Глас Господа - Станислав Лем 2 стр.


Знаю: все здесь написанное можно обратить в мою пользу, чуточку сместив акценты, – и будущий биограф постарается это сделать. Он докажет, что с помощью разума я героически обуздал свой характер, а хулил себя ради самоочищения. Это значило бы следовать Фрейду; Фрейд стал Птолемеем психологии, так что каждый может теперь толковать людские феномены, громоздя эпициклы на эпициклы; эта конструкция нам близка, потому что красива. Идиллию он заменил гротеском, оперу – трагикомедией, не ведая, что остается рабом эстетики.

Пускай мой посмертный биограф не хлопочет: в апологиях я не нуждаюсь и мои рассуждения продиктованы любопытством, а не чувством вины. Я хотел понять – только понять, ничего больше. Ведь бесцельность зла – единственная опора, которую находит в нас богословская аргументация; теодицея объясняет нам, откуда взялось это свойство, в котором Натура и Культура одинаково неповинны. Разум, постоянно погруженный в материю гуманитарного опыта, а стало быть, антропоцентричный, может в конце концов решить, что Творение – жутковатая шутка.

Мысль о Создателе, который попросту забавлялся, весьма привлекательна, но тут мы входим в порочный круг: мы готовы счесть Творца злонамеренным не потому, что он сотворил нас такими, а потому, что сами мы злонамеренны. А ведь если человек так ничтожен, так неприметен перед лицом Мироздания, как об этом говорит нам наука, то манихейский миф – очевидная несообразность. Скажу иначе: если мир действительно сотворен (чего я, впрочем, не допускаю), необходимый для этого уровень знаний несовместим с туповатыми шутками. Ибо – в этом, собственно, и состоит мое кредо – нет и не может быть идеально мудрого зла. Разум говорит мне, что Творец не может быть мелким пакостником, иллюзионистом, который подсмеивается над тем, что творит.
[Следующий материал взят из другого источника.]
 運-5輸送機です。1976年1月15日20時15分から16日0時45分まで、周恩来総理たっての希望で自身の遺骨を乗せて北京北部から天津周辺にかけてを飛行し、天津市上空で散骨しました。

То, что мы принимаем за злонамеренность, – возможно, обычный просчет, ошибка; но тогда мы приходим к еще не существующей теологии ущербных божеств. А область их созидательной деятельности – та же самая, в которой творю я сам, то есть вероятностная статистика.

Любой ребенок бессознательно совершает открытия, из которых выросли статистические вселенные Гиббса и Больцмана; действительность предстает перед ним океаном возможностей, которые возникают и обособляются очень легко, почти самопроизвольно. Ребенка окружает множество виртуальных миров, ему совершенно чужд космос Паскаля – этот окоченелый, размеренный, движущийся, как часовой механизм, труп. Позже, в зрелые годы, первоначальное богатство выбора уступает место застывшему порядку вещей. Если мое изображение детства покажется односторонним (хотя бы потому, что своей внутренней свободой ребенок обязан неведению, а не выбору), то ведь и любое изображение односторонне.
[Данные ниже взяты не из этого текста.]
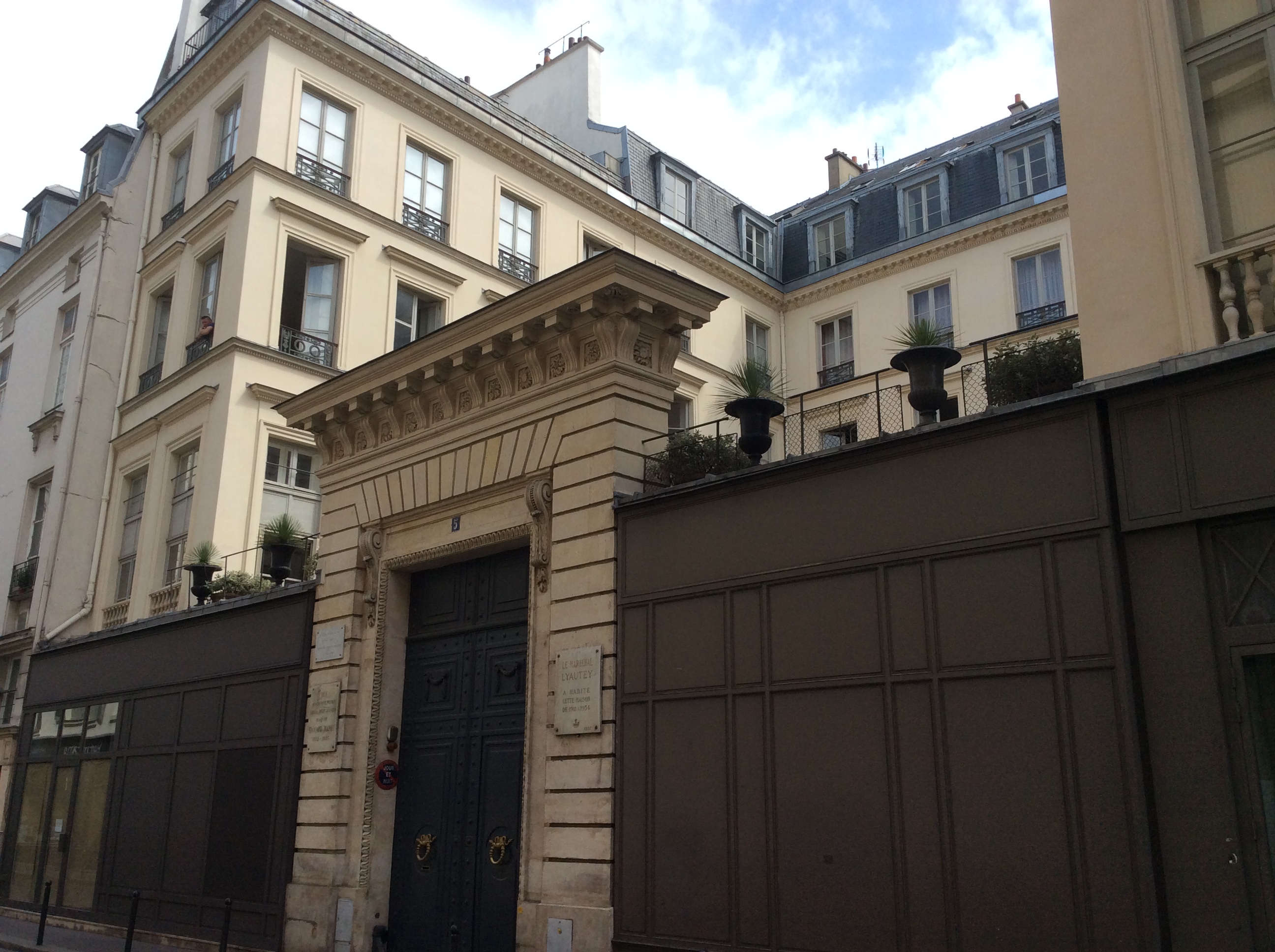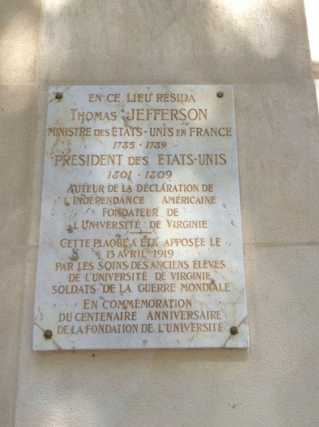 So, Jefferson sold up and moved to the Hôtel de Langeac. It turned out to be a perfect compromise between his love of culture and its refinements, and his moral preference for rural living. At that time, it was on the outer edges of Paris, halfway between the bustle of the city and the peace of the Bois (woods) de Boulogne, which he visited nearly every day. Horseback riding was among his favorite forms of exercise, and he could let the horse really go in this natural setting. Now, however, the full bustle of Paris has enveloped Hôtel de Langeac’s street corner and beyond. As I was absorbed in finding a good angle to photograph the building, I was startled to realize that some of the honking and shouting I was hearing in the background was aimed at me: turns out I was standing right in the driveway of a subterranean parking garage, which lets out right in the middle of a wide sidewalk. Oops.

От первоначального богатства воображения я унаследовал кое-какие остатки – устойчивое неприятие действительности, похожее скорее на гнев, чем на отрешенность. Уже мой смех был протестом едва ли не более действенным, чем самоубийство. Я признаюсь в этом теперь, в шестьдесят два года, а математика была лишь позднейшим следствием такого взгляда на мир. Она была моим вторым дезертирством.
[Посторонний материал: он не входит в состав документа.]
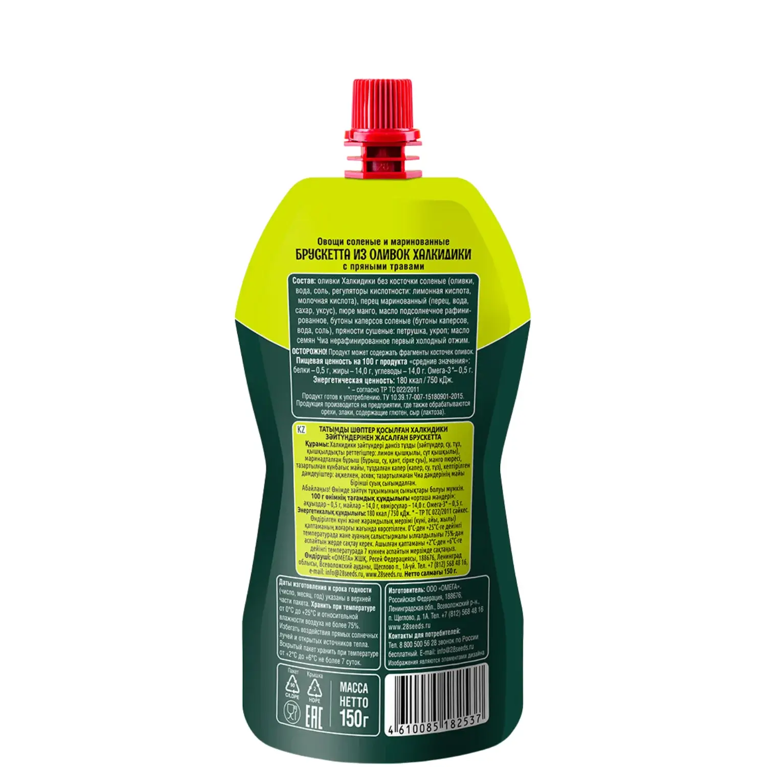 Оливковая брускетта на основе оливок Халкидики без косточки с маринованным перцем, каперсами, пюре манго и зеленью. В подсолнечном масле с маслом семян чиа холодного отжима. Средиземноморская паста для тостов, закусок к вину, пасты и салатов, масса нетто 150 г.

Я выражаюсь метафорически, – но прошу меня выслушать. Я предал умиравшую мать, то есть всех людей сразу: засмеявшись, я сделал выбор в пользу силы более могущественной, чем они, хотя и омерзительной, потому что не видел иного выхода. Но потом я узнал, что невидимого противника, который вездесущ и который свил себе гнездо в нас самих, тоже можно предать, хотя бы отчасти, поскольку математика не зависит от реального мира.

Время показало мне, что я ошибся еще раз. По-настоящему выбрать смерть против жизни и математику против действительности нельзя. Такой выбор, будь он настоящим, означал бы самоуничтожение. Что бы мы ни делали, мы не можем порвать с действительностью, и опыт подсказывает, что математика – тоже не идеальное убежище, потому что ее обитель – язык. А это информационное растение пустило корни и в мире, и в человеке. Такие мысли с юности посещали меня, хотя тогда я еще не мог изложить их на языке доказательств.

В математике я искал того, что ушло вместе с детством, – множественности миров, возможности отрешиться от навязанного нам мира, отрешиться с такой легкостью, словно нет в нем той силы, что прячется и в нас самих. Но затем, подобно всякому математику, я с изумлением убеждался, до чего потрясающе неожиданна и неслыханно многостороння эта деятельность, вначале похожая на игру. Вступая в нее, ты гордо, открыто и безоговорочно обособляешь свою мысль от действительности и с помощью произвольных постулатов, категоричных, словно акт творения, замыкаешься в терминологических границах, призванных изолировать тебя от суетного скопища, в котором приходится жить.

Но именно этот отказ, этот полный разрыв и раскрывает нам сердцевину явлений; побег оборачивается завоеванием, дезертирство – постижением, а разрыв – примирением. Мы с удивлением замечаем, что бегство было мнимым и мы вернулись к тому, от чего убегали. Враг, сбросив старую кожу, предстает перед нами союзником, мы удостаиваемся очищения, мир молчаливо дает нам понять, что преодолеть его можно лишь с его помощью. Так усмиряется страх, оборачиваясь восхищением, – в этом необыкновенном убежище, из глубин которого открывается выход в единое пространство мироздания.

Математика не выражает, не раскрывает человека так, как любой другой вид деятельности: степень развоплощения, достигаемая благодаря ей, не сравнима ни с чем. Интересующихся отсылаю к моим работам. Здесь скажу лишь, что мироздание запечатлело свои законы в человеческом языке при самом его зарождении; математика дремлет в каждом наречии, ее можно открыть, но не изобрести.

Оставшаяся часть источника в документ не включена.